Rick Sarre writes in The Conversation (5.6.18) that simply having an offence of industrial manslaughter on the statute books cannot by itself lower workplace death rates.
‘In May, Victorian Premier Daniel Andrews announced that a re-elected Labor government would legislate for a new criminal offence of workplace manslaughter.
‘Designed to severely punish companies that cause industrial deaths, penalties would not only include far greater fines than currently exist but, significantly, could result in 20 years’ imprisonment for employers whose negligence has caused the deaths of their workers, visitors to a workplace, or passersby. Andrews said: “It’s my sincerest hope that these laws will never need to be used … that instead, they’ll change our workplaces and change our culture.”
‘The announcement was met with a standing ovation by delegates at the Labor conference. John Setka, the state secretary for the Construction, Forestry, Mining and Energy Union, was gleeful: “The current arrangements, there’s so many loopholes there. [S]ome employers … can kill people and never see the inside of a court. Or pay some fine somewhere … it’s almost become like a bit of a joke.”

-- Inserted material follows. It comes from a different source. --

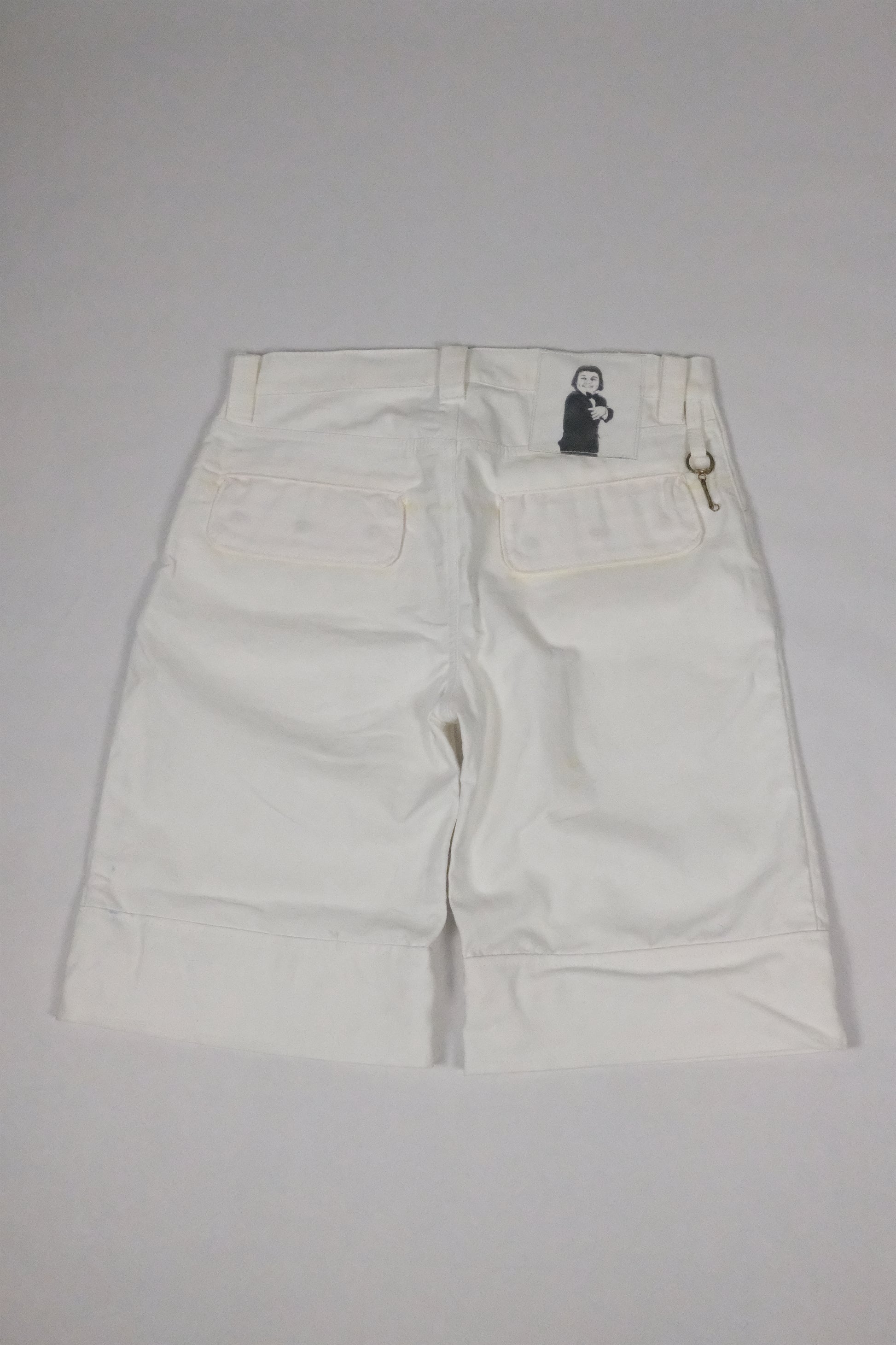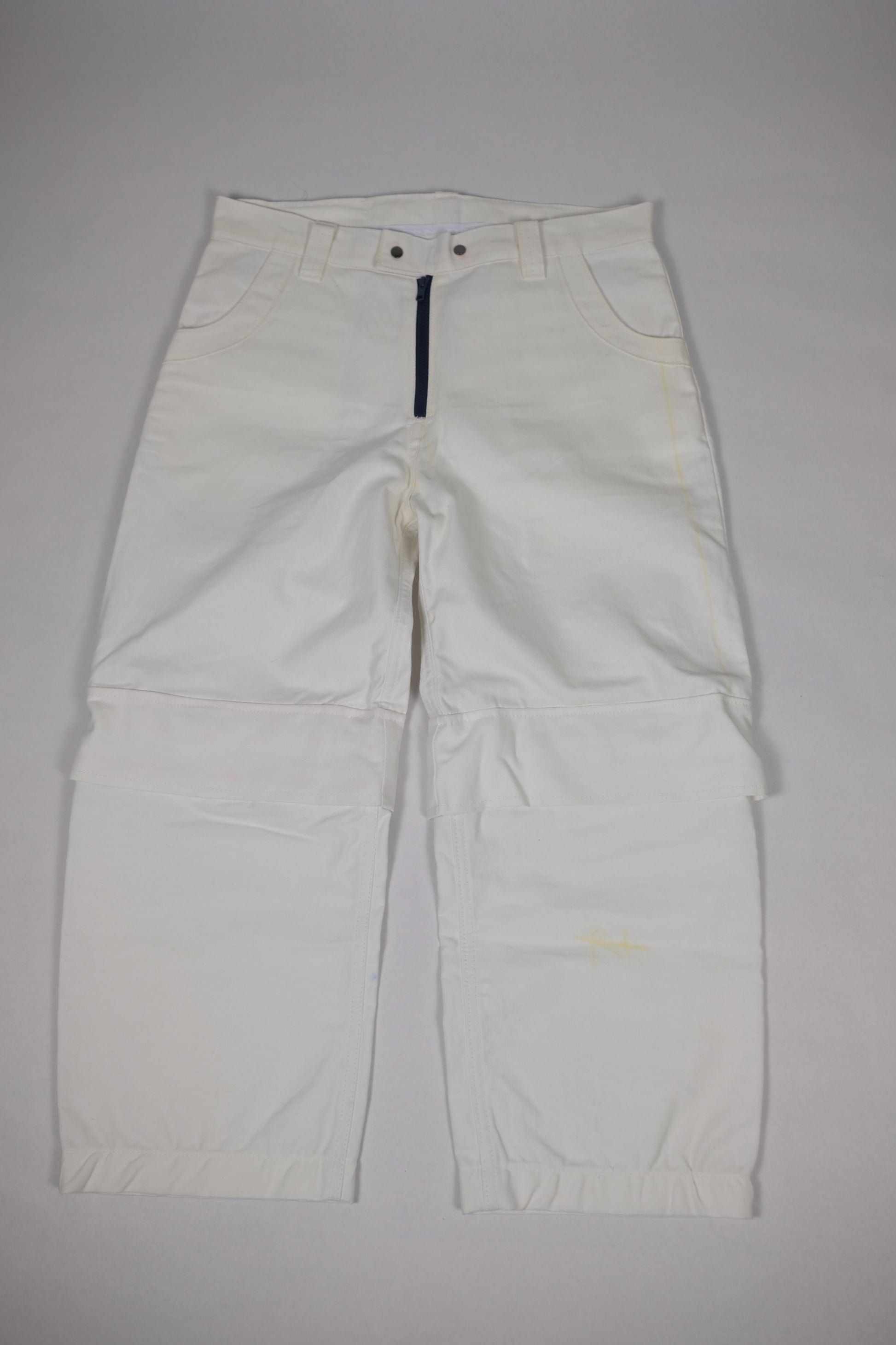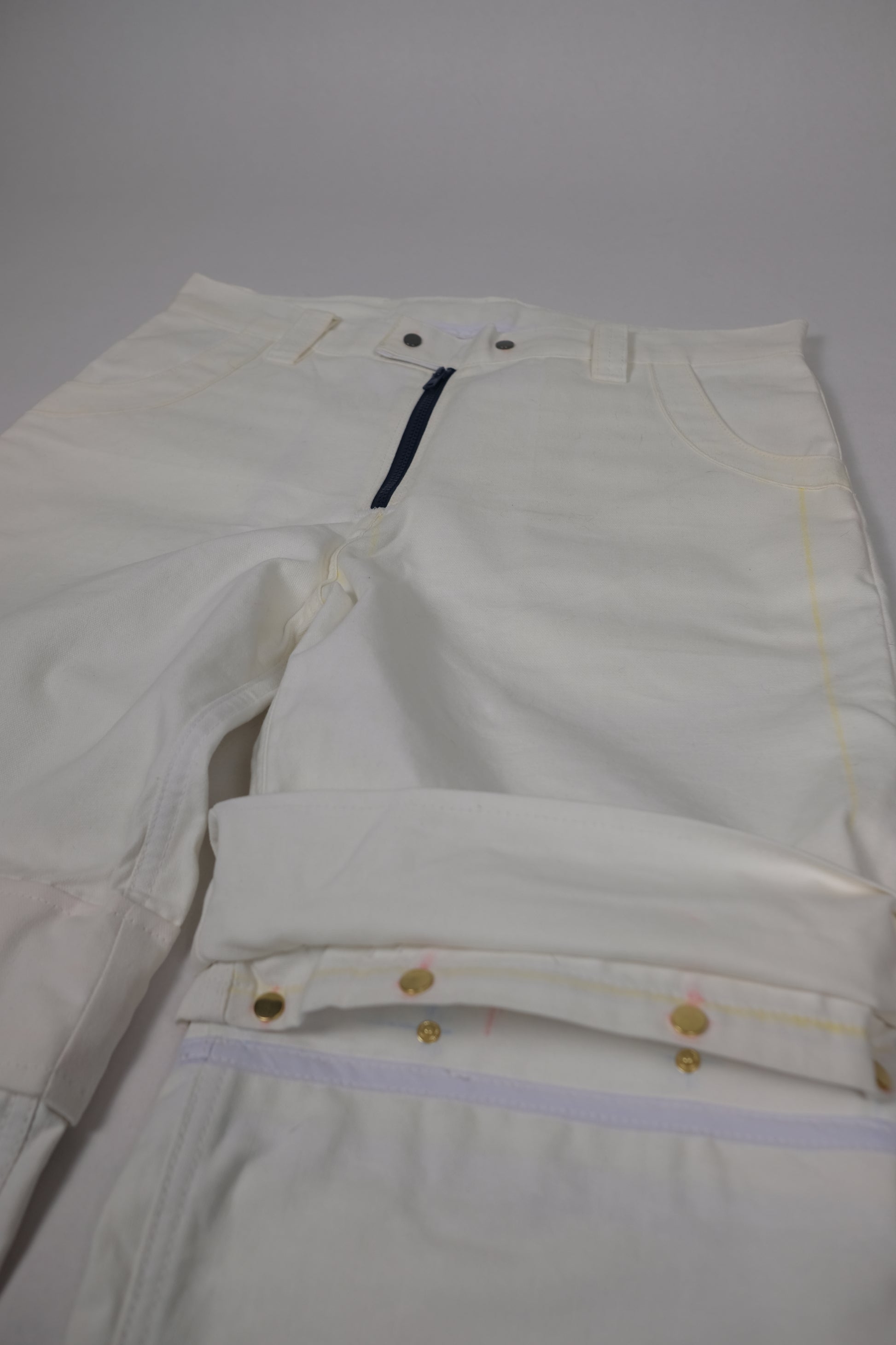 Convertible white cargo's cut and sewn by Gage. These feature detatchable legs, zipper fly, and printed back tab.

‘Andrews’ idea is hardly new. Workplace (or “industrial”) manslaughter bills have been debated in Australian parliaments over many years. They have also found their way into the law, but only in two jurisdictions: Queensland and the ACT.
‘… It is often said that the mere mention of industrial manslaughter laws (with imprisonment as a possible result) raises the likelihood that collaboration between employers and employees will stall. And this would be to the detriment of health and safety in the workplace generally.’